- Born: October 31, 1979 (age 46)
- Education: University of Malta
- Occupations: Lawyer, Politician

= Karol Aquilina =

Maltese politician and lawyer

Karol Aquilina (born 31 October 1979) is a Maltese politician and lawyer currently serving as a Member of Parliament.

== Biography ==
Aquilina studied at St Aloysius College and graduated as Doctor of Laws from the University of Malta (2004) with a thesis titled “The Principle of Equality of Arms in Maltese Criminal Law” in which Aquilina provides a detailed examination of the principle of equality of arms as part of the general right to a fair trial as guaranteed by section 39 of the Maltese Constitution and Article 6 of the European Convention on Human Rights.

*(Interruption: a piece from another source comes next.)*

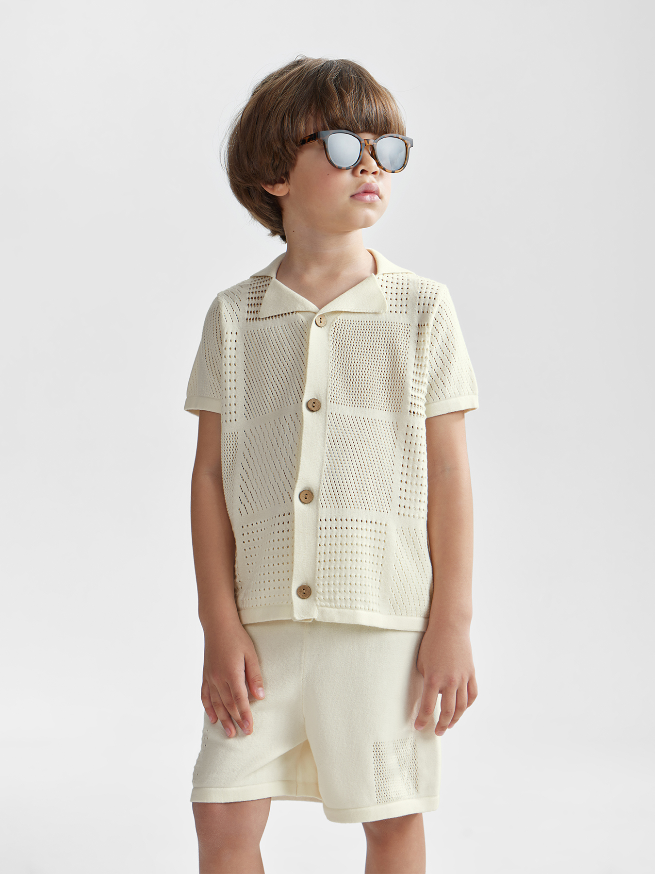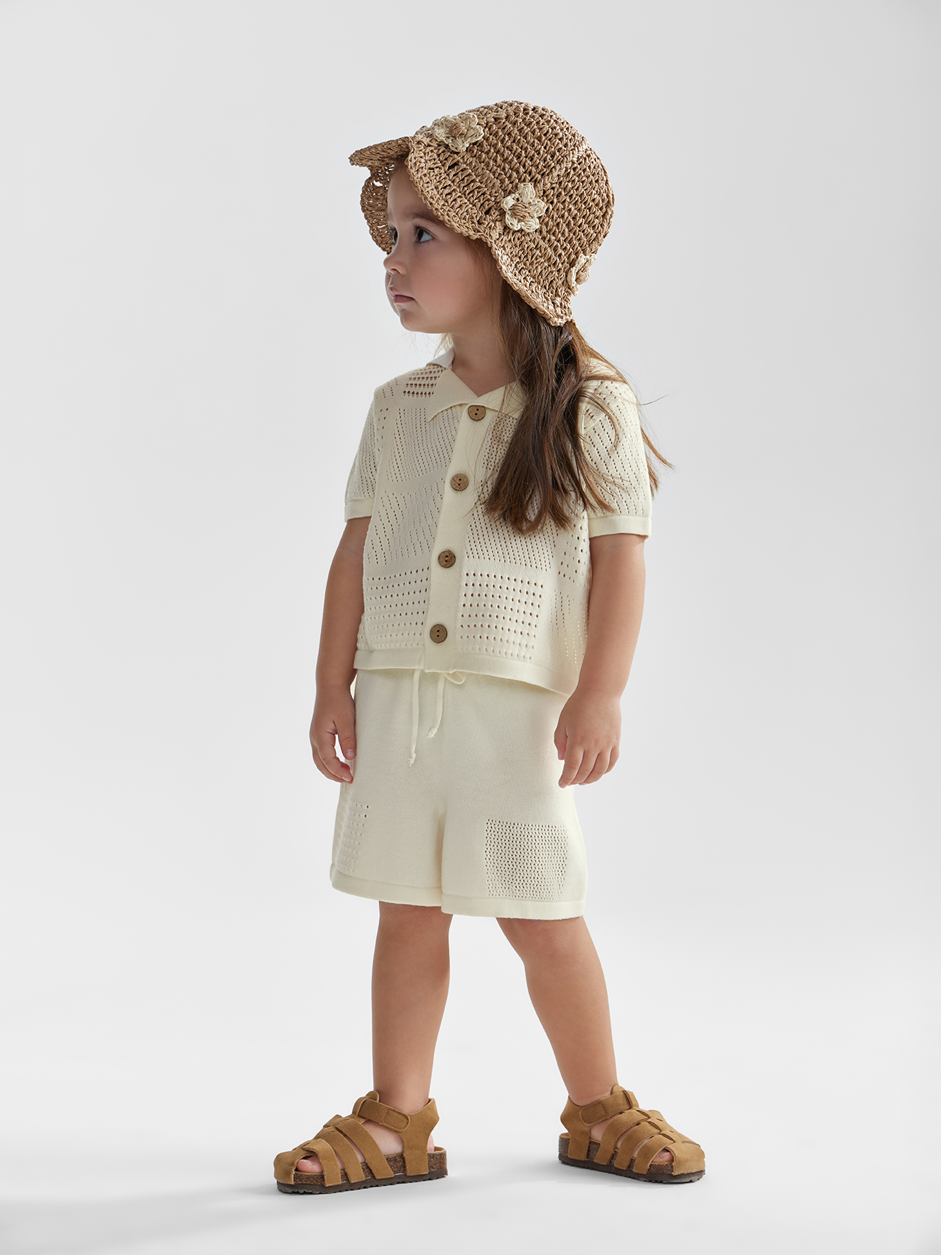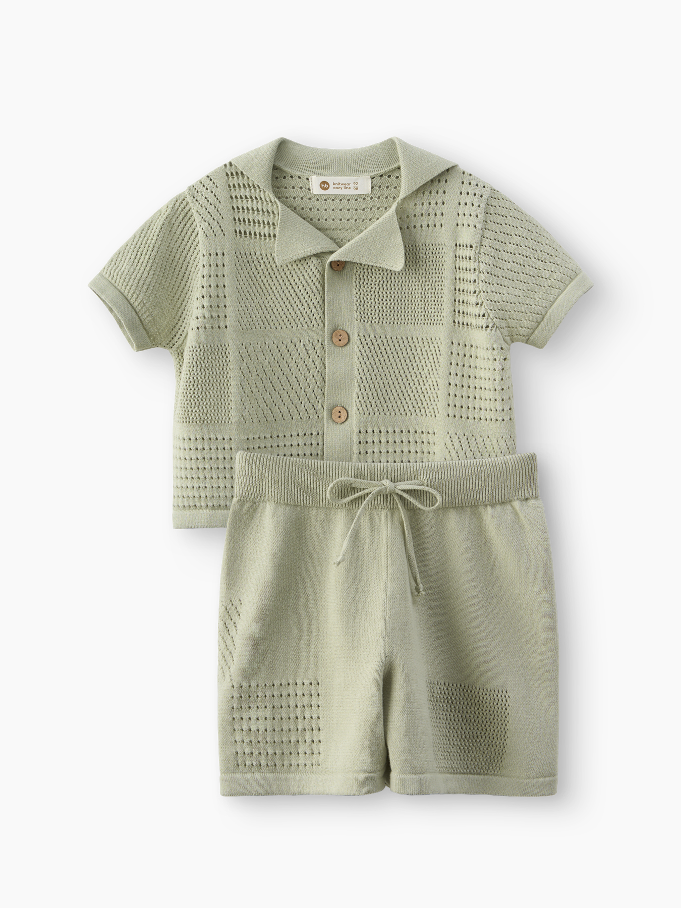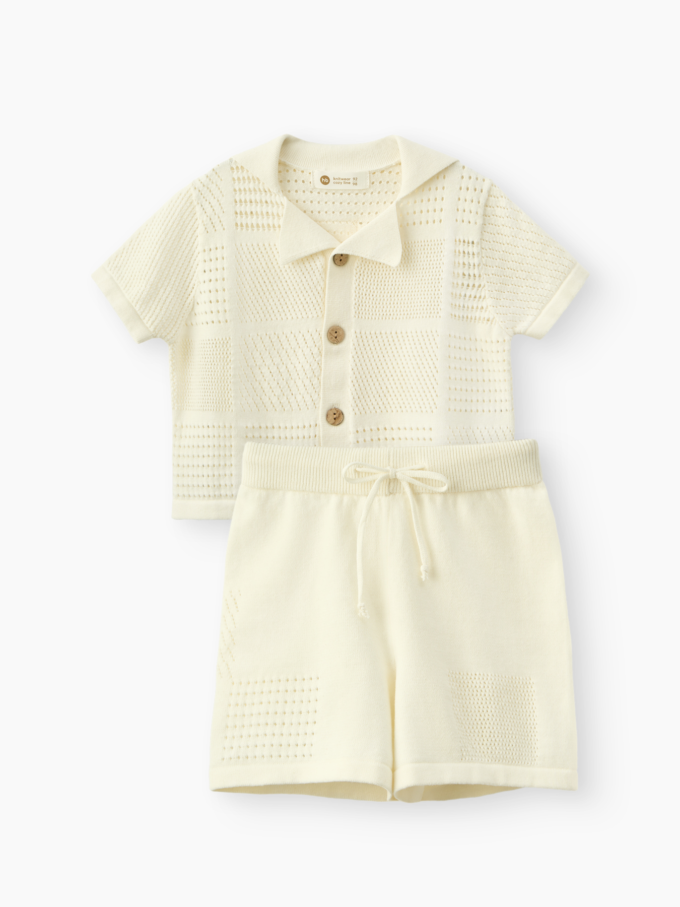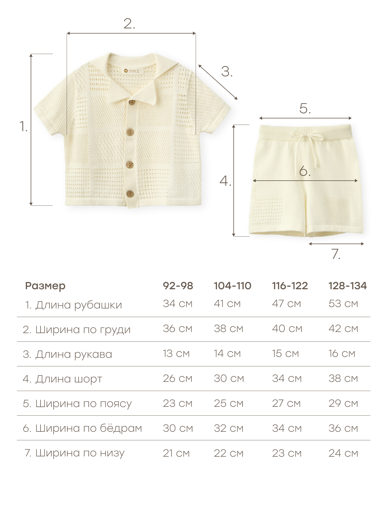 Трикотажный костюм – стильный и практичный вариант на лето. Вместе создают идеальный комплект, который не нуждается в дополнении. Можно носить по отдельности. Рубашка с воротником Camp скроена так, что оставляет полную свободу движений. Застегивается на пуговицы. Шорты мягкие, комфортные. Посадка регулируется с помощью шнурка. Комплект идеально подойдет для создания модных образов для девочек и мальчиков.

As a student Aquilina was President of the Maltese National Youth Council, KNŻ (2003), President of the Maltese Christian Democrat Students, SDM (2001-2002) and Student Representative on the Senate of the University of Malta (2002-2004).

== Political career ==
He has been an active member of the Nationalist Party for a considerable number of years. In 2002 he joined the Nationalist Party Youth Movement, MŻPN and was elected as its Vice President (2002-2009). He is a member of the Nationalist Party's executive committee having been elected first in 2008.He is the Opposition spokesman for good governance, strengthening of democracy, citizenship and reform of the Public Service. In 2020, Aquilina was elected Secretary of the Nationalist Party's parliamentary group after being nominated for the post by party leader Bernard Grech.

Aquilina is a member of the Standing Committee on Standards in Public Life established under the Standards in Public Life Act (Chapter 570 of the Laws of Malta), the Standing Committee on Public Appointments established under the Public Administration Act (Chapter 595 of the Laws of Malta) and of the Standing Committee on Privileges established by the Standing Orders of the House of Representatives.

He was Mayor of Siġġiewi (2012-2015) and President of the Administrative Council of the Nationalist Party (2011-2017).

== Personal life ==
He is the son of Carmelo (Nenu) Aquilina, the former Mayor of Siġġiewi. Aquilina is married with two children.